## Records shown
· · · · · · ·
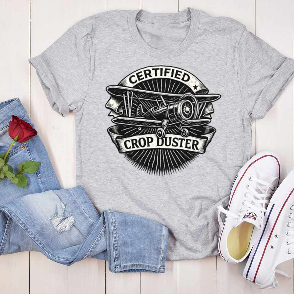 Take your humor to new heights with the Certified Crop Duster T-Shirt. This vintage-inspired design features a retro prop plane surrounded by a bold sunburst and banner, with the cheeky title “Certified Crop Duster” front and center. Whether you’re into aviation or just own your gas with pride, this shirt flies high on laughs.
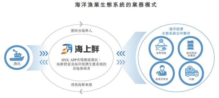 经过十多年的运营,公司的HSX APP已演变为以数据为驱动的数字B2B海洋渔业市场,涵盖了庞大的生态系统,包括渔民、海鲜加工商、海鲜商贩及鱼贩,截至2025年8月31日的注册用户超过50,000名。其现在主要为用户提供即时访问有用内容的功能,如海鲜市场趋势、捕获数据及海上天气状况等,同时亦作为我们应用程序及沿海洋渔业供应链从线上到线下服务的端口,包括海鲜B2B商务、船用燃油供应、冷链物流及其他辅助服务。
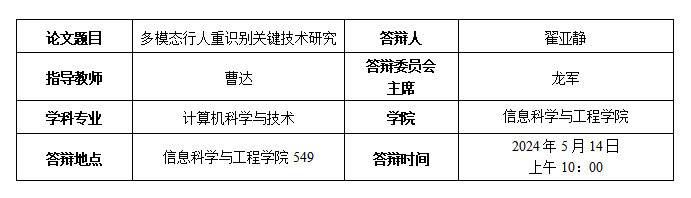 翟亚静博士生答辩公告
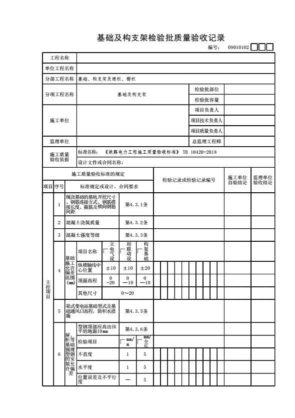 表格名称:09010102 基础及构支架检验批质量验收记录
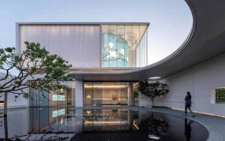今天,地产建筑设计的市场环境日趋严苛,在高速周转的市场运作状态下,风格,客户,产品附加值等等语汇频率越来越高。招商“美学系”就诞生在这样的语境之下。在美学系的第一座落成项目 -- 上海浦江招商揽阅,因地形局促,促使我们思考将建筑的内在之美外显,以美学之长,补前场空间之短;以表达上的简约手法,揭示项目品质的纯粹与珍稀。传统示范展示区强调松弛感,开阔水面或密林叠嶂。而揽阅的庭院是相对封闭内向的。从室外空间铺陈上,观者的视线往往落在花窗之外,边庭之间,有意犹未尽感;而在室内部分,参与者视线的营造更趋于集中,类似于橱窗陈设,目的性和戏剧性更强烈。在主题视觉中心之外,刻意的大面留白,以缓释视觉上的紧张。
· · · · · · ·
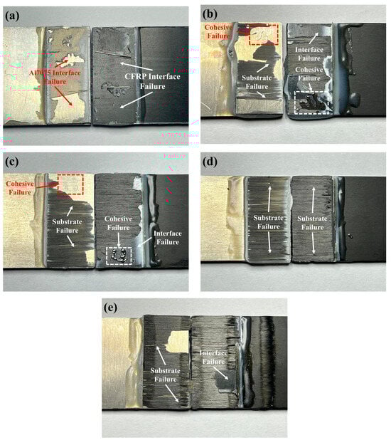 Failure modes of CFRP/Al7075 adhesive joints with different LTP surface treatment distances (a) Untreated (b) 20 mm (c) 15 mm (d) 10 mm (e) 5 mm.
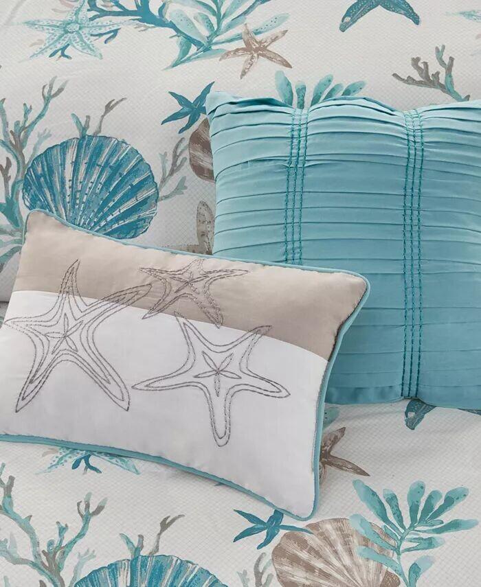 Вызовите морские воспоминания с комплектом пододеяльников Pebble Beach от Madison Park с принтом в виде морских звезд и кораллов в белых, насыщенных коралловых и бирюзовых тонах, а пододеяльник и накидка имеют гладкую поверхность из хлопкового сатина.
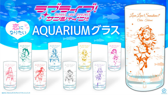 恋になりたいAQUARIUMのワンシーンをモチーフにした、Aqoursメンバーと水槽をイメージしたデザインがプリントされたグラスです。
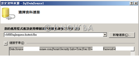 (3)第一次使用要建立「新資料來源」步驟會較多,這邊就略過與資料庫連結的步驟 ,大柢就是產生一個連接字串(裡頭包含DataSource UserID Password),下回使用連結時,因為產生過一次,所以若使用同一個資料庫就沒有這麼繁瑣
· · · · · · ·
## What to produce
Both the line containing "经过十多年的运营,公司的HS" and the line containing "表格名称:09010102 基础及构支架检验批质量验收记录" above belong in the output, as do the lines between them. Print them exactly, without pictures.

## Response
 经过十多年的运营,公司的HSX APP已演变为以数据为驱动的数字B2B海洋渔业市场,涵盖了庞大的生态系统,包括渔民、海鲜加工商、海鲜商贩及鱼贩,截至2025年8月31日的注册用户超过50,000名。其现在主要为用户提供即时访问有用内容的功能,如海鲜市场趋势、捕获数据及海上天气状况等,同时亦作为我们应用程序及沿海洋渔业供应链从线上到线下服务的端口,包括海鲜B2B商务、船用燃油供应、冷链物流及其他辅助服务。
 翟亚静博士生答辩公告
 表格名称:09010102 基础及构支架检验批质量验收记录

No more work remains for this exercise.